Release a collection

# 8. Release the collection
client.release_collection(
collection_name="customized_setup_2"
)

res = client.get_load_state(
collection_name="customized_setup_2"
)

print(res)

# Output
#
# {
# "state": "<LoadState: NotLoad>"
# }

Set up aliases

You can assign aliases for collections to make them more meaningful in a specific context.
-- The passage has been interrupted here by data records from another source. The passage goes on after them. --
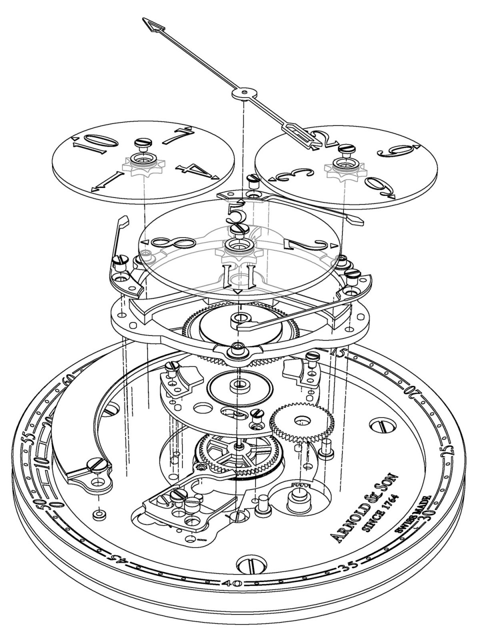 Модель оснащена мануфактурным швейцарским автоматическим механизмом Arnold & Son A&S6018, на 29 камнях, с балансовой частотой 28800 полуколебаний в час (4 гц), 50-часовым запасом хода, функциями индикации часов (посредством вращающегося золотого колеса с тремя сапфировыми дисками, с нанесенными на них золотыми арабскими цифрами, каждый из которых, в свою очередь, вращается вокруг своих собственных осей), минут (посредством передвигающейся по минутной шкале, расположенной между 10 и 2 часами, очередной арабской цифры на очередном вращающемся сапфировом диске) и секунд, с усложнением "мертвая секунда" (реализуемым посредством соответствующей золотой центральной секундной стрелки). Калибр выполнен из палладия, вручную отделан и декорирован в соответствии с критериями Haute Horlogerie.
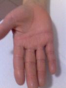 现在我的手握拳伸展自如(图7、8),早在一个月前就已上班工作。
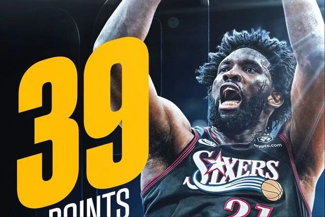 说回76人,今天他们115-105战胜了步行者,近10场比赛5胜5负。值得一提的是,这场比赛后场核心马克西生病缺席了这场比赛,或许也是因为这一点,才给了76人球迷一个惊喜。那就是他们的内线核心恩比德,似乎回来了?全场恩比德在32分钟的时间内,就23投12中,高效得到了39分9篮板3助攻1抢断。而且比赛打了三节,恩比德就得到了30+,刷新个人赛季得分纪录。今天比赛之前,恩比德本赛季的单场最高得分为29分,一方面是状态不好,另一方面,则是因为他本赛季也只打了10场比赛,而且每场比赛都有一定的时间限制。毕竟恩比德的伤病史,让76人不得不担心。
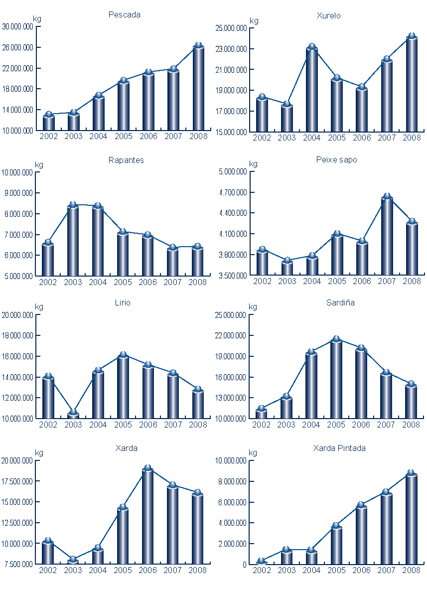 | Xurelo do mediterráneo | 72.512 | 140.209 | 27.882 | 37.349 | 44.629 | 102.860 | 160,06% | 275,40% |
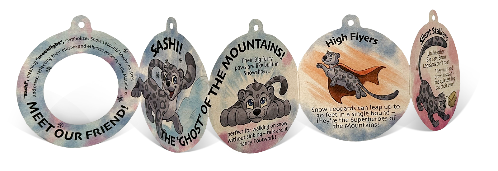 Say hi to Sashi! Her name means ‘moonlight,’ and it’s as magical as she is. Sashi is a Snow Leopard—a true ‘Ghost of the Mountains,’ known for her beauty, mystery, and graceful presence.
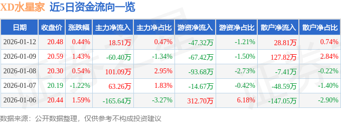 证券之星消息,截至2026年1月12日收盘,XD水星家(603365)报收于20.48元,上涨0.44%,换手率0.74%,成交量1.91万手,成交额3904.09万元。
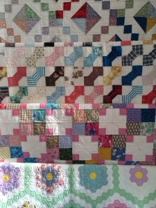 These quilts were all made by my husband’s grandmother c. 1960-1980. Each quilt is a masterpiece, entirely hand pieced and hand quilted. That are Treasures and I thank my sister in law for allowing us to be the caretakers of her two quilts. The Grandmothers Flower Garden pictured at the bottom was a gift when my husband I were married. In many ways, that quilt eventually set me on the path I am following today.
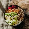 honey, granola, mixed seasonal fresh fruits, cocoa nibs
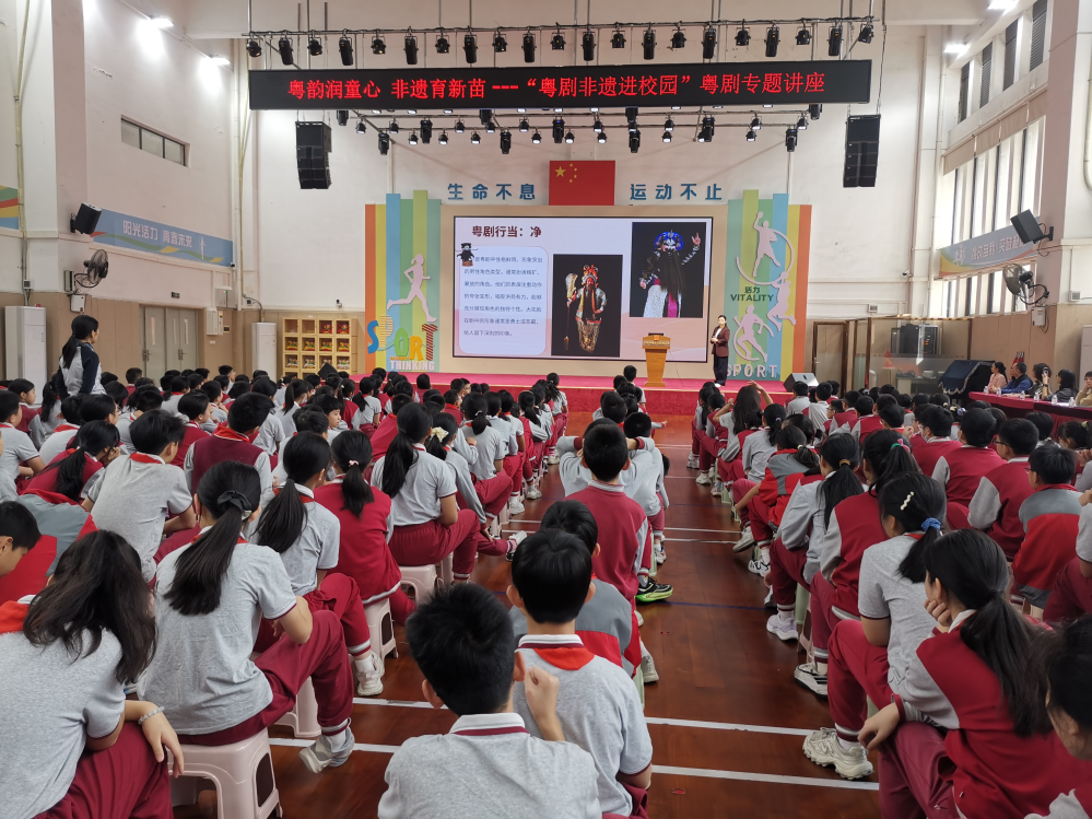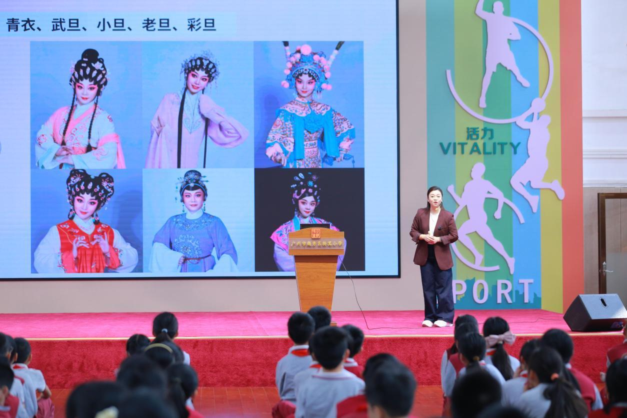 台上,熟悉的经典唱段响起,现场瞬间安静。广州粤剧院一级演员、广州市级非遗代表性传承人肖婉婷以一个优雅的身段、一句精准的解说,瞬间抓住了所有听众的心。这堂以《帝女花》为主题的导赏课,就在杨箕小学校园里。12月4日下午,由越秀区梅花村街道党工委、办事处主办,广州粤剧院与越秀区杨箕小学共同承办的“粤剧非遗进校园”专题讲座,在杨箕小学体育馆成功举办。活动吸引了该校260余名师生参与,现场气氛热烈,互动频频,呈现了一堂生动的传统文化美育实践课。

You can assign multiple aliases for a collection, but multiple collections cannot share an alias.

Create aliases

# 9. Manage aliases
# 9.1. Create aliases
client.create_alias(
collection_name="customized_setup_2",
alias="bob"
)

client.create_alias(
collection_name="customized_setup_2",
alias="alice"
)

List aliases

# 9.2. List aliases
res = client.list_aliases(
collection_name="customized_setup_2"
)

print(res)

# Output
#
# {
# "aliases": [
# "bob",
# "alice"
# ],
# "collection_name": "customized_setup_2",
# "db_name": "default"
# }

Describe aliases

# 9.3. Describe aliases
res = client.describe_alias(
alias="bob"
)

print(res)

# Output
#
# {
# "alias": "bob",
# "collection_name": "customized_setup_2",
# "db_name": "default"
# }

Reassign aliases

# 9.4 Reassign aliases to other collections
client.alter_alias(
collection_name="customized_setup_1",
alias="alice"
)

res = client.list_aliases(
collection_name="customized_setup_1"
)

print(res)

# Output
#
# {
# "aliases": [
# "alice"
# ],
# "collection_name": "customized_setup_1",
# "db_name": "default"
# }

res = client.list_aliases(
collection_name="customized_setup_2"
)

print(res)

# Output
#
# {
# "aliases": [
# "bob"
# ],
# "collection_name": "customized_setup_2",
# "db_name": "default"
# }

Drop aliases

# 9.5 Drop aliases
client.drop_alias(
alias="bob"
)

client.drop_alias(
alias="alice"
)

Drop a Collection

If a collection is no longer needed, you can drop the collection.

# 10. Drop the collections
client.drop_collection(
collection_name="quick_setup"
)

client.drop_collection(
collection_name="customized_setup_1"
)

client.drop_collection(
collection_name="customized_setup_2"
)

Collection Limits

Cluster Type

Max Number

Remarks

Dedicated cluster

64 per CU, and <= 4096

You can create up to 64 collections per CU used in a dedicated cluster and no more than 4,096 collections in the cluster.

In addition to the limits on the number of collections per cluster, Zilliz Cloud also applies limits on consumed capacity, which indicates the physical resources consumed by your clusters. The following table lists the limits on the general capacity of a cluster.

Number of CUs

General Capacity

1-8 CUs

<= 4,096

12+ CUs

Min(512 x Number of CUs, 65536)

For details on the calculation of general and consumed capacity, refer to Zilliz Cloud Limits.